- _TASK_
The exercise calls for the lines from the one containing "Partially open the" to the end of the data below to be output exactly, pictures excluded.

- _SUPPLIED INFORMATION_
^^^^^^^^

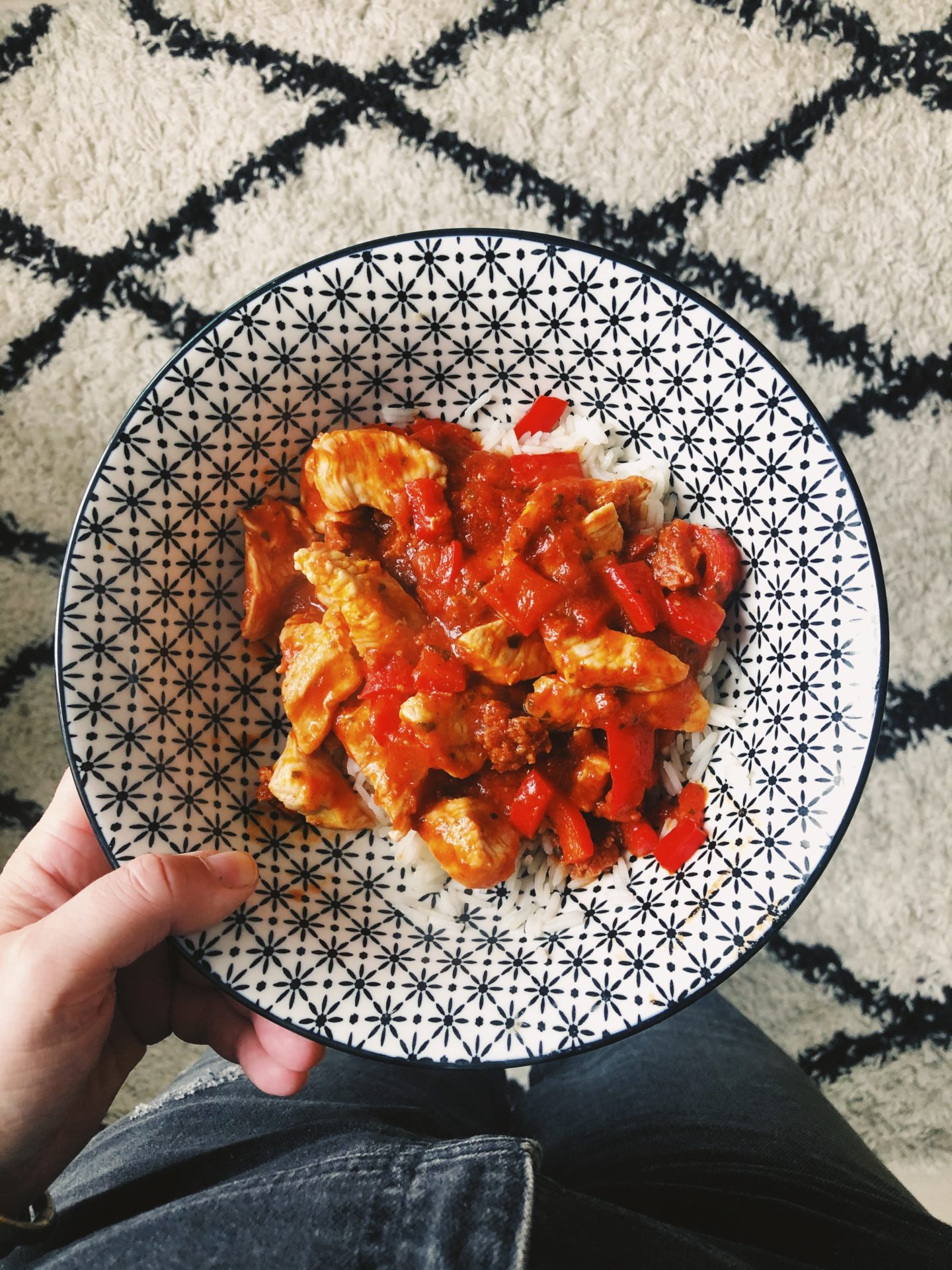Je me lève vers 9h car il faut aller faire les courses (et clairement je déteste faire les courses le samedi ^^). Pour le déjeuner, je prépare un poulet façon basquaise (avec chorizo, poivrons et tomates) que je sers avec du riz.
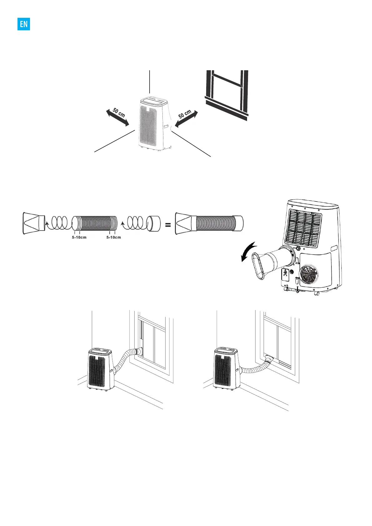Partially open the window, and put in the window adapter vertically or horizontally. Connect the pipe to the adapter, pressing rmly, and make sure it
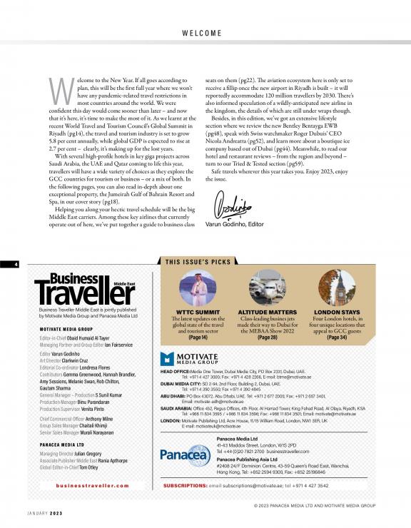 Business Traveller Middle East is the leading magazine for the corporate traveller. We aim to save you money and make your travelling life easier. Each edition has the latest news covering airlines, airports, hotels and car hire companies, regional and international destination features and updates on gadgets, technology and accessories.

^^^^^^^^

- _RESULT OF THE TASK_
Partially open the window, and put in the window adapter vertically or horizontally. Connect the pipe to the adapter, pressing rmly, and make sure it
 Business Traveller Middle East is the leading magazine for the corporate traveller. We aim to save you money and make your travelling life easier. Each edition has the latest news covering airlines, airports, hotels and car hire companies, regional and international destination features and updates on gadgets, technology and accessories.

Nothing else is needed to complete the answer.